What is needed is a word-for-word transcript of the listing, free of pictures.

======== Information provided ========

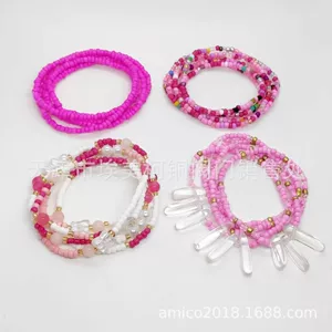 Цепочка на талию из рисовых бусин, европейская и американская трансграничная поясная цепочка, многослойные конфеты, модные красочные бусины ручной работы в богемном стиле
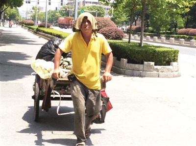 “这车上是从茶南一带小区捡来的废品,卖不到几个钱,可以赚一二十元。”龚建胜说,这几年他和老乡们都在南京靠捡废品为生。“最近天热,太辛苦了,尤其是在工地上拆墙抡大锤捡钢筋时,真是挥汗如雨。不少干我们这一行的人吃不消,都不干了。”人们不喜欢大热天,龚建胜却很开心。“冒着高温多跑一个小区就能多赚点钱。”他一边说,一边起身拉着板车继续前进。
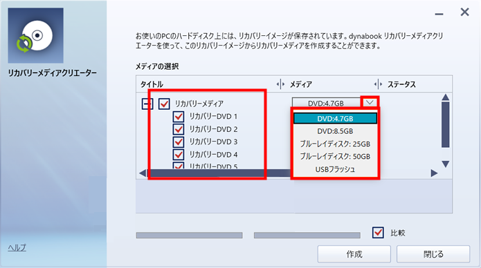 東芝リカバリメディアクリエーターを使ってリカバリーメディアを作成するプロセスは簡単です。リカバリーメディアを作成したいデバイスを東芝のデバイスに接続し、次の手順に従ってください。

========

• Expected output:
 Цепочка на талию из рисовых бусин, европейская и американская трансграничная поясная цепочка, многослойные конфеты, модные красочные бусины ручной работы в богемном стиле
 “这车上是从茶南一带小区捡来的废品,卖不到几个钱,可以赚一二十元。”龚建胜说,这几年他和老乡们都在南京靠捡废品为生。“最近天热,太辛苦了,尤其是在工地上拆墙抡大锤捡钢筋时,真是挥汗如雨。不少干我们这一行的人吃不消,都不干了。”人们不喜欢大热天,龚建胜却很开心。“冒着高温多跑一个小区就能多赚点钱。”他一边说,一边起身拉着板车继续前进。
 東芝リカバリメディアクリエーターを使ってリカバリーメディアを作成するプロセスは簡単です。リカバリーメディアを作成したいデバイスを東芝のデバイスに接続し、次の手順に従ってください。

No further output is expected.